Providing authentic leadership with a sense of purpose


Metropolitan Retail CFO Etienne le Roux shares how he has married his passion with his leadership style.

Stepping into the CFO’s role of a 120-year-old organisation at the age of 31 was a daunting task, but I knew I had to be authentic and curious in order to truly understand the organisation and its people. As Craig Groeschel said: “People will rather follow a leader that is always real than one that is always right.”

One of the lessons I learnt early in my career was that a one-size-fits-all leadership style would not be effective. In the CFO role, I have to engage a wide and diverse audience compared to a more specialist audience in the past. In order to make the engagement most meaningful, I have had to learn to tailor my leadership approach to be most effective to the relevant audiences.

To do this, I had to learn how to communicate as simply as possible by speaking to the things that are within the control of my audience and can influence the business for good. Using metaphors to explain concepts that are not well known has been very useful in breaking down information to help achieve the right outcomes.
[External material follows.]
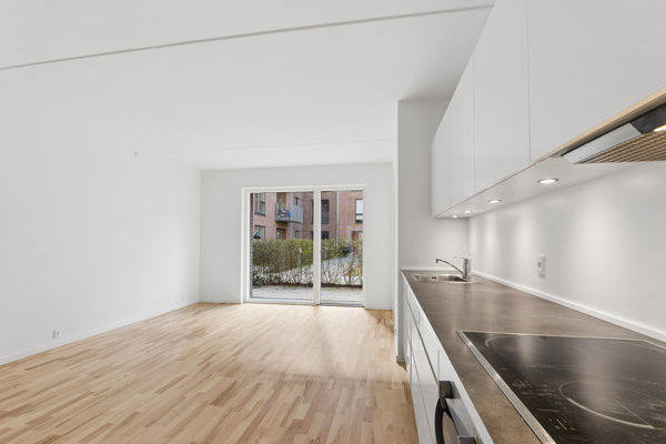 Leverum i lys og luftHjertet i boligen er det imponerende opholdsmiljø, hvor køkken-alrum og stue smelter sammen i en harmonisk symfoni af lys og rummelighed. De store vinduespartier og den generøse loftshøjde sikrer et fænomenalt lysindfald fra flere verdenshjørner, mens det funktionelle og stilrene køkken indbyder til både gastronomiske udfoldelser og socialt samvær. Fra alrummet træder man direkte ud på lejlighedens altan, der fungerer som en naturlig forlængelse af boligen og tilfører en herlig følelse af frihed.
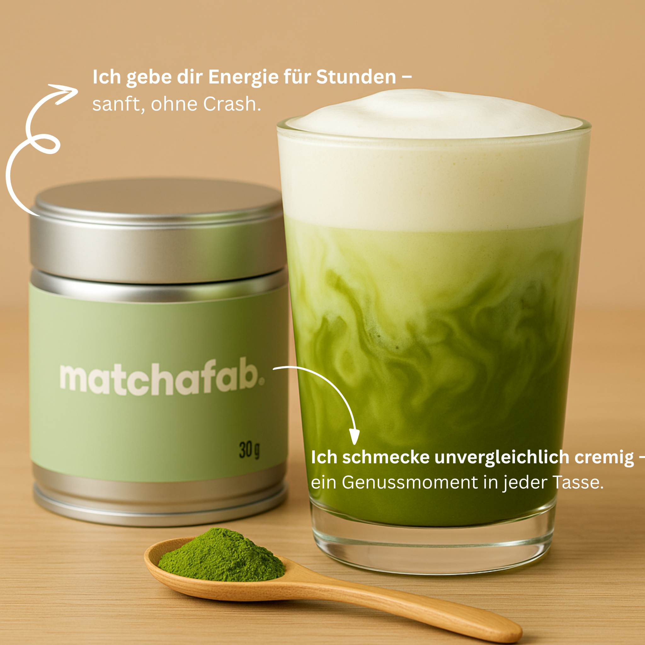 Matcha liefert langanhaltende Energie ganz ohne Koffein-Crash. Ideal für deine Morgenroutine, als Coffee-Replacement oder beim Fokus-Boosten im Alltag.

Similarly, when it came to leading my finance teams, I needed to ensure that I got to know them and understood their motivations. Really knowing what goes on in their lives also helps me to understand the ups and downs they are going through. I found that tailoring my leadership style to these aspects has helped to create trust and to find opportunities for developing my team members.

A motivational leader
After joining Metropolitan my first realisation was that we were doing too many things all at once, and we needed to identify what were the most critical aspects to get right for the organisation to move forward. As a team we spent a lot of time to fully understand the key drivers of success for our business. Subsequently we spent time to make sure we could simplify this into concepts that could be understood at the coal face.
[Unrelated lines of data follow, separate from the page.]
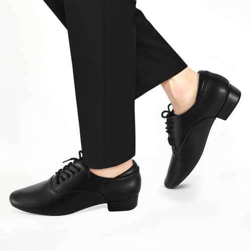 Black Ballroom Dance Shoes Leather Character Shoes for Men's Salsa Latin Tango Dancing 6
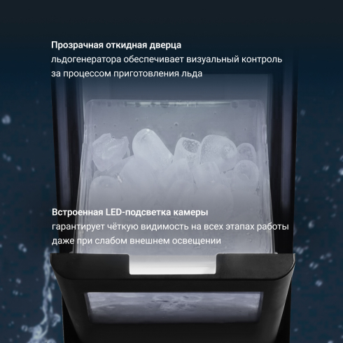 • Внутренняя подсветка и прозрачная откидная дверца позволяют контролировать все этапы генерации льда.
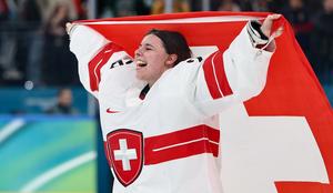 (260219) — MILAN, 19 febrero, 2026 (Xinhua) — La guardameta Andrea Braendli, de Suiza, festeja al término del partido por la medalla de bronce femenino de hockey sobre hielo entre Suiza y Suecia en los Juegos Olímpicos de Invierno Milán-Cortina 2026, en Milán, Italia, el 19 de febrero de 2026. (Xinhua/Wang Kaiyan) (da) (ra) (vf)

The key focus was to drive the right activities rather than driving outputs. We could achieve outputs, but if this was not derived in the correct way it could be costly to the business.
The second theme was to create real-time metrics to help identify whether there is traction and progress on these activities. We spent a lot of time developing various analytical tools and other reports to enable especially our sales teams. In the end our sales teams now have almost a real-time view of how they are doing against their key performance areas.

A leader of the future
The most challenging part of my journey in the last couple of years has been to balance the business of today and the business of tomorrow, most notably from an investment perspective. Trends in technology, changes in consumer preference and different generations of clients make this balancing act complex.

Stabilising current revenue sources through investment and renewal while investing in how the business could look in future, all while providing sensible shareholder outcomes is a challenge.
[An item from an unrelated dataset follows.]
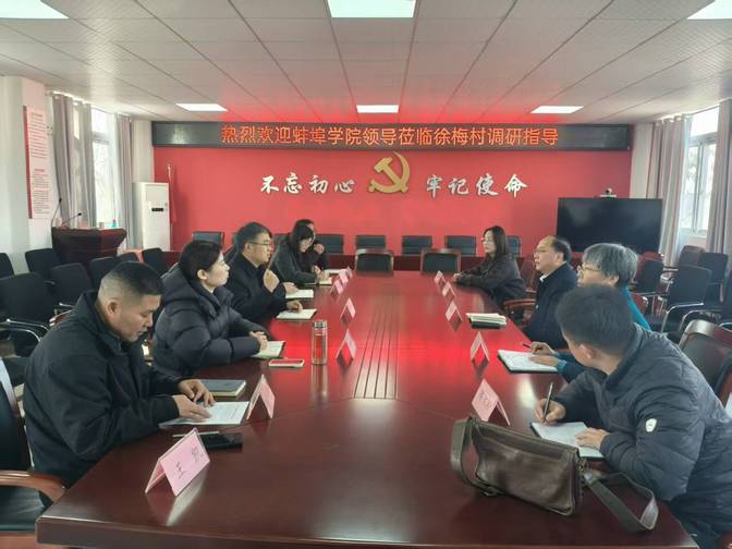 座谈会上,驻村第一书记杜庆才详细介绍了徐梅村基本概况及近期乡村振兴工作开展情况,全面汇报了工作推进中的成效、难点与下一步规划。镇领导结合地方发展实际,就校村协同推进乡村振兴提出了具体期望。陈国龙在讲话中表示,蚌埠学院将持续发挥高校资源优势,精准对接徐梅村发展需求,在人才、技术、智力等方面提供全方位支持,助力徐梅村实现更高质量的乡村振兴。

Finance professionals tend to think in binary i.e., black and white. This kind of thinking needs to be overcome and unlearnt and you need to be able to lean into uncertainty, while also being able to accept that some projects will fail, while others will deliver 10x returns. This was a key mind shift to make. The ability to be able to identify soon enough whether things are trending in the wrong direction and to take corrective action is critical.

We also must be careful about just accepting that digital will create cost efficiencies... Challenge these key assumptions carefully and take into consideration the cost of running technology once developed. Other learnings include the over-estimation of digital adoption, which then results in some cost savings not realised as old channels need to be kept intact.

At Metropolitan we have invested in digital in both the business of today as well as the business of tomorrow. In our core business (business of today) we are gradually moving towards a paperless environment and have made a lot of progress in digitising our business processes. One must, however, be careful about assuming that all customers will adopt immediately and need to bring your clients and employees along on this journey.

The use of Robotic Process Automation to remove manual repetitive tasks has been a significant benefit to our business. We have automated many back-office processes such as bank account validation, and claim payment verifications and as a result, this has impacted the efficacy with which we can serve our clients and also results in fewer manual errors. This, in turn, has improved our turnaround time and client satisfaction and it also enables our employees to spend time on more impactful and meaningful work. We are also starting to see some cost savings emerging from these projects, which contributes to the bottom line.

A leader at home
When appointed to the CFO role I had a young family. This requires one to find some form of balance between life and work. As a father of four young kids aged seven and younger, the CFO role and finding time to recharge was a challenge. Being an introvert, the constant engagement with people was not something that came naturally, and I realised that I needed to find time to recharge. At first prioritising self-care felt selfish, but I soon realised that if I did not prioritise recharging, I would get depleted and would not be able to give my best version of myself to my family.

One of the shifts I realised I needed to make was to measure balance over a long time period. In my situation, I would hardly be able to achieve balance over one day and even over a week in some cases (for example travelling for work a whole week). Being intentional about finding balance over a longer period helped me to live with less guilt and more with a sense of fulfilment.